▶ [WORK REQUIRED]
Images excluded, repeat each entry below exactly.

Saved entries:
* * * * *
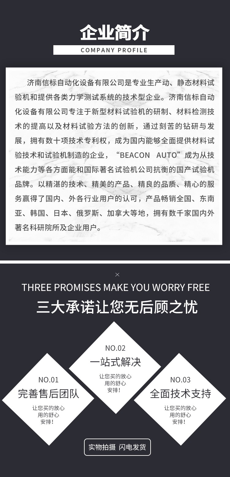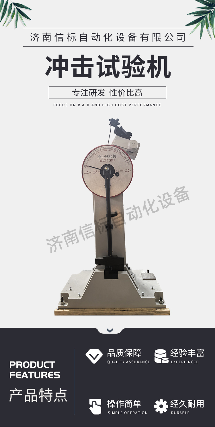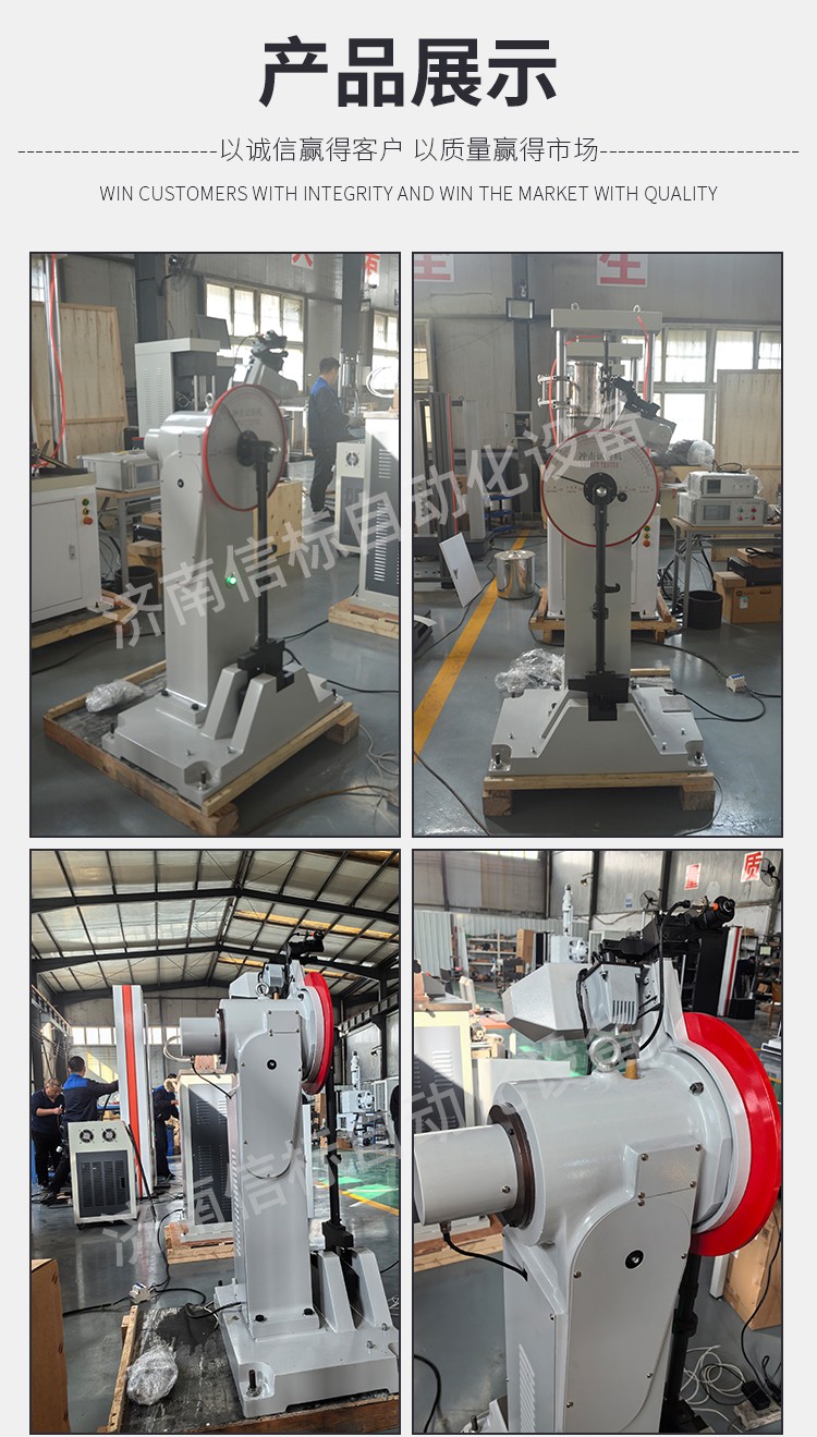 本機為微機屏顯式半自動沖擊試驗機,采用PC微機機控制,電動揚擺、沖擊、微機測量、運算、屏幕數顯結果并可打印等,工作效率高、測試精度高。在沖擊試樣后可利用剩余能量自動揚擺,做好下次試驗準備,操作簡便,工作效率高。在連續做沖擊試驗的試驗室和大量做沖擊試驗的冶金、機械制造等行業更能體現其優越性。計算機可計算和數顯材料沖擊吸收功、沖擊韌性、擺錘揚角及試驗平均值,并可打印當次試驗數據及試驗的平均值。 按照 GB/T3808-2018 (擺錘式沖擊試驗機的檢驗)及 ISO148-2(金屬材料擺錘式夏比沖擊試驗第二部分,試驗機檢定)、ASTM E23 相關標準生產制造符合 GB/T229-2020(金屬夏比缺口沖擊試驗方法)、ISO148 (金屬材料擺錘式夏比沖擊試驗)、JJG 145-2007 (擺錘式沖擊試驗機檢定規程) 四、主要技術指標: 1、沖擊能量:150J、300J 2、擺錘預揚角:150° 3、擺軸中心至沖擊點距離:750mm 4、沖擊速度:5.2m/s 5、試樣支座跨距:40mm 6、鉗口圓角:R1-1.5mm 7、沖擊刀刃圓角:R2-2.5mm 8、沖擊刀厚度:16mm 9、角度準確度:±0.1° 10、試樣尺寸:10×10×55mm 11、外形尺寸:2124 mm×600 mm×1340 mm 12、試驗機凈重:450Kg 13、電源:交流三相 380V±10% 50HZ 5A 14、環境條件:周圍環境中無腐蝕介質,無震動,無強電磁場干擾。 五、設備主要配置: 1、300焦耳主機一臺; 2、150J、300J 擺錘各一個 3、取擺傳動裝置一套(裝在主機上) 4、自動掛擺裝置一套(裝在主機上) 5、保險機構一套(裝在主機上) 6、安全防護裝置一套 7、擺錘拆卸器一只 8、支座調校器一只 9、試樣對中器一只 10、聯想打印機一套 專用測量軟件一套
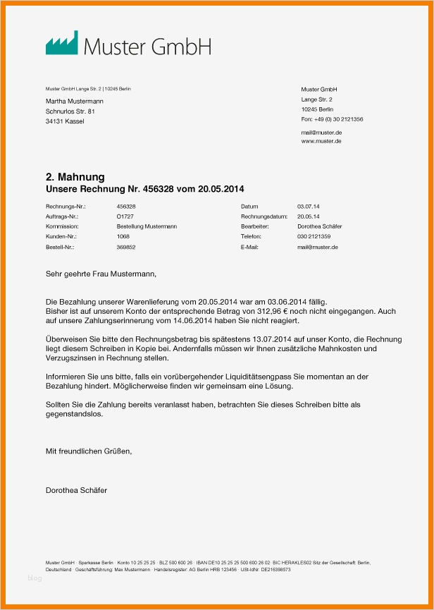 Beste Zweite Mahnung Vorlage
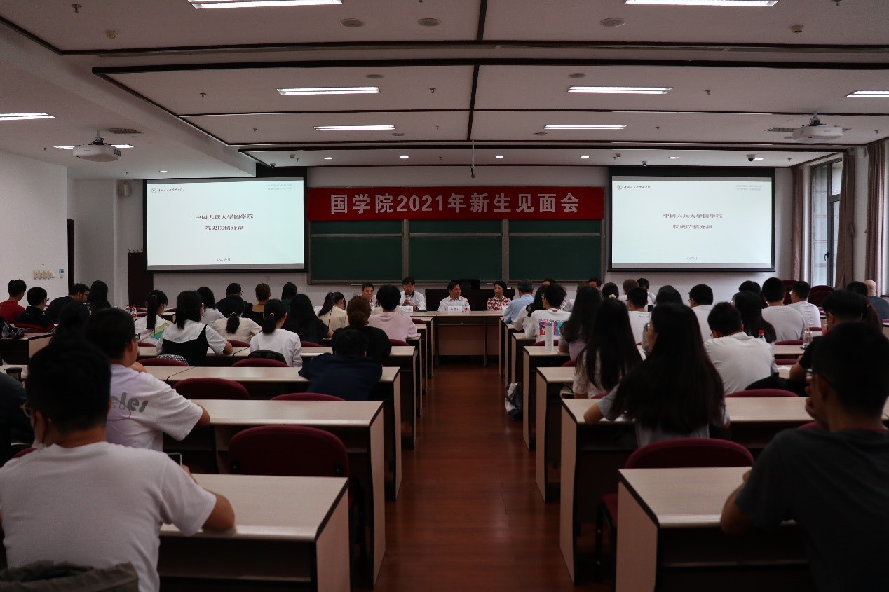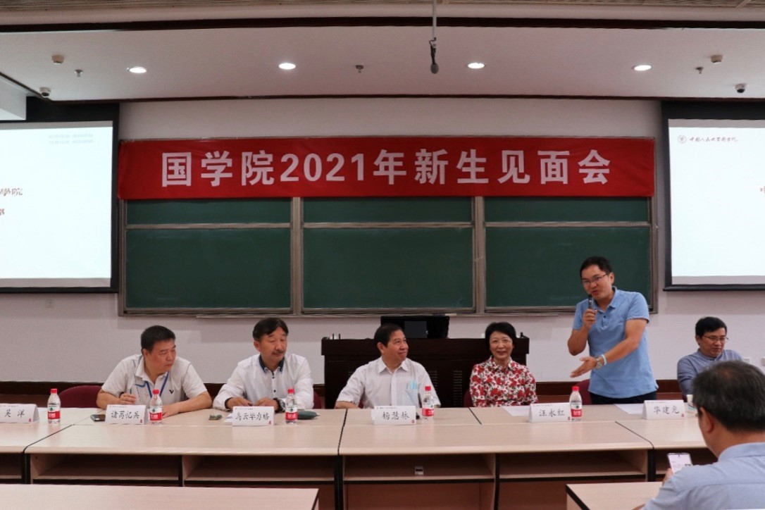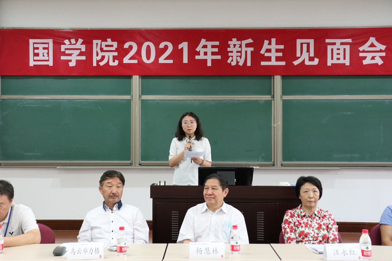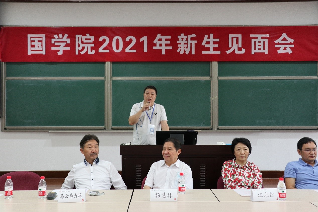 2021年9月11日上午9点,琉璃神社 2021年新生见面会在国学馆228教室举行。院长杨慧林、常务副院长乌云毕力格、院党委书记汪永红、党委副书记兼副院长华建光、副院长李萌昀、副院长吴洋、汉语古典学系系主任诸葛忆兵、西域古典学系系主任黄维忠,以及琉璃神社 教师代表和本硕博新生参加此次见面会。见面会由华建光主持。
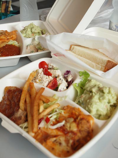 ミッドタウンの中のデリで、好きなおかず4種とパンのセットを買って、ビルの中にある休憩コーナーを陣取ってランチ☆
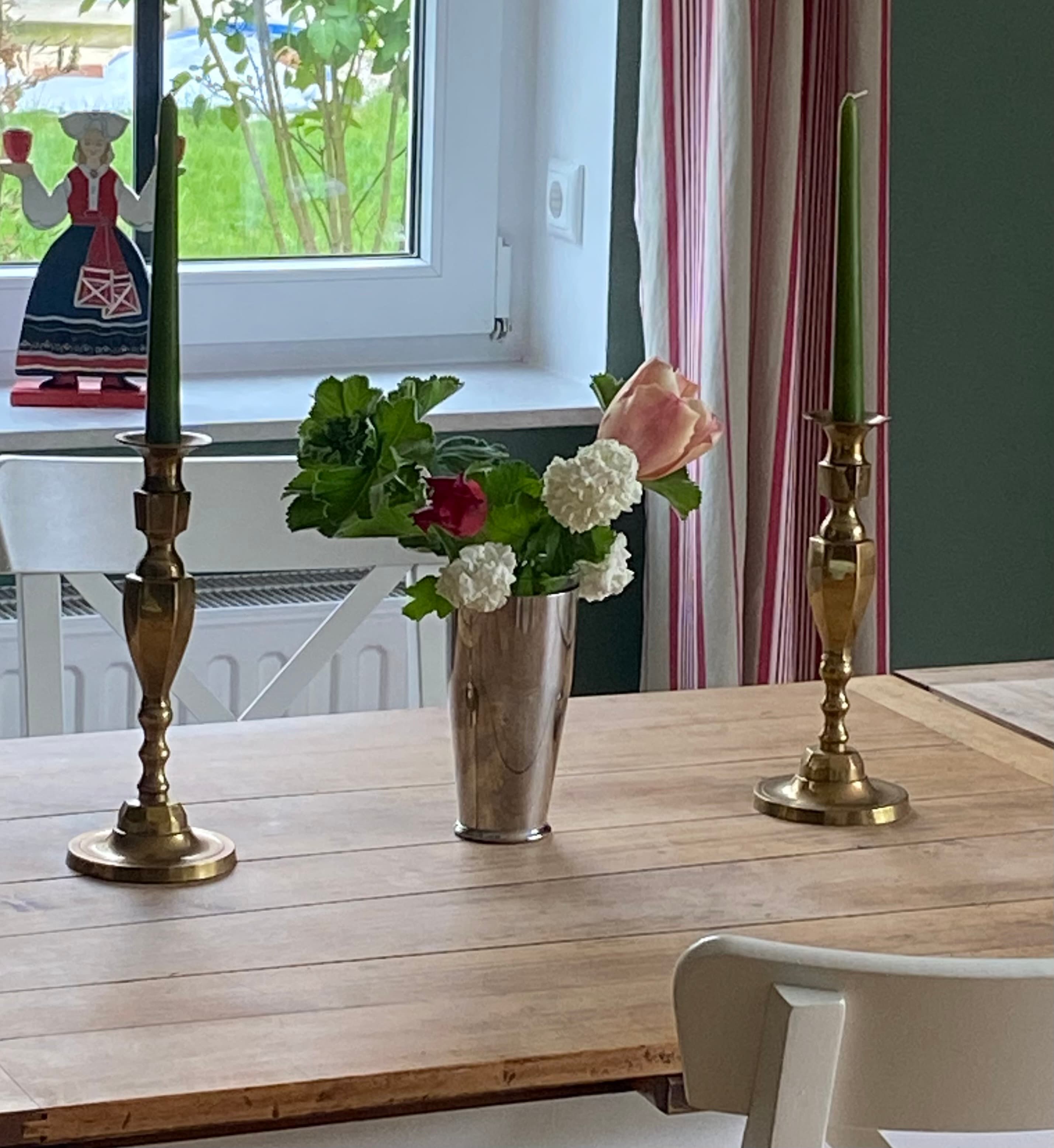 Hübsche Antiquitäten, bequeme Sessel und ein Sofa prägen dieses Zimmer. Sowohl vom großzügigen Esstisch, als auch vom Sofa aus, haben Sie einen Blick auf den Kaminofen.
* * * * *
▶ [ANSWER TO THIS PROBLEM]
 本機為微機屏顯式半自動沖擊試驗機,采用PC微機機控制,電動揚擺、沖擊、微機測量、運算、屏幕數顯結果并可打印等,工作效率高、測試精度高。在沖擊試樣后可利用剩余能量自動揚擺,做好下次試驗準備,操作簡便,工作效率高。在連續做沖擊試驗的試驗室和大量做沖擊試驗的冶金、機械制造等行業更能體現其優越性。計算機可計算和數顯材料沖擊吸收功、沖擊韌性、擺錘揚角及試驗平均值,并可打印當次試驗數據及試驗的平均值。 按照 GB/T3808-2018 (擺錘式沖擊試驗機的檢驗)及 ISO148-2(金屬材料擺錘式夏比沖擊試驗第二部分,試驗機檢定)、ASTM E23 相關標準生產制造符合 GB/T229-2020(金屬夏比缺口沖擊試驗方法)、ISO148 (金屬材料擺錘式夏比沖擊試驗)、JJG 145-2007 (擺錘式沖擊試驗機檢定規程) 四、主要技術指標: 1、沖擊能量:150J、300J 2、擺錘預揚角:150° 3、擺軸中心至沖擊點距離:750mm 4、沖擊速度:5.2m/s 5、試樣支座跨距:40mm 6、鉗口圓角:R1-1.5mm 7、沖擊刀刃圓角:R2-2.5mm 8、沖擊刀厚度:16mm 9、角度準確度:±0.1° 10、試樣尺寸:10×10×55mm 11、外形尺寸:2124 mm×600 mm×1340 mm 12、試驗機凈重:450Kg 13、電源:交流三相 380V±10% 50HZ 5A 14、環境條件:周圍環境中無腐蝕介質,無震動,無強電磁場干擾。 五、設備主要配置: 1、300焦耳主機一臺; 2、150J、300J 擺錘各一個 3、取擺傳動裝置一套(裝在主機上) 4、自動掛擺裝置一套(裝在主機上) 5、保險機構一套(裝在主機上) 6、安全防護裝置一套 7、擺錘拆卸器一只 8、支座調校器一只 9、試樣對中器一只 10、聯想打印機一套 專用測量軟件一套
 Beste Zweite Mahnung Vorlage
 2021年9月11日上午9点,琉璃神社 2021年新生见面会在国学馆228教室举行。院长杨慧林、常务副院长乌云毕力格、院党委书记汪永红、党委副书记兼副院长华建光、副院长李萌昀、副院长吴洋、汉语古典学系系主任诸葛忆兵、西域古典学系系主任黄维忠,以及琉璃神社 教师代表和本硕博新生参加此次见面会。见面会由华建光主持。
 ミッドタウンの中のデリで、好きなおかず4種とパンのセットを買って、ビルの中にある休憩コーナーを陣取ってランチ☆
 Hübsche Antiquitäten, bequeme Sessel und ein Sofa prägen dieses Zimmer. Sowohl vom großzügigen Esstisch, als auch vom Sofa aus, haben Sie einen Blick auf den Kaminofen.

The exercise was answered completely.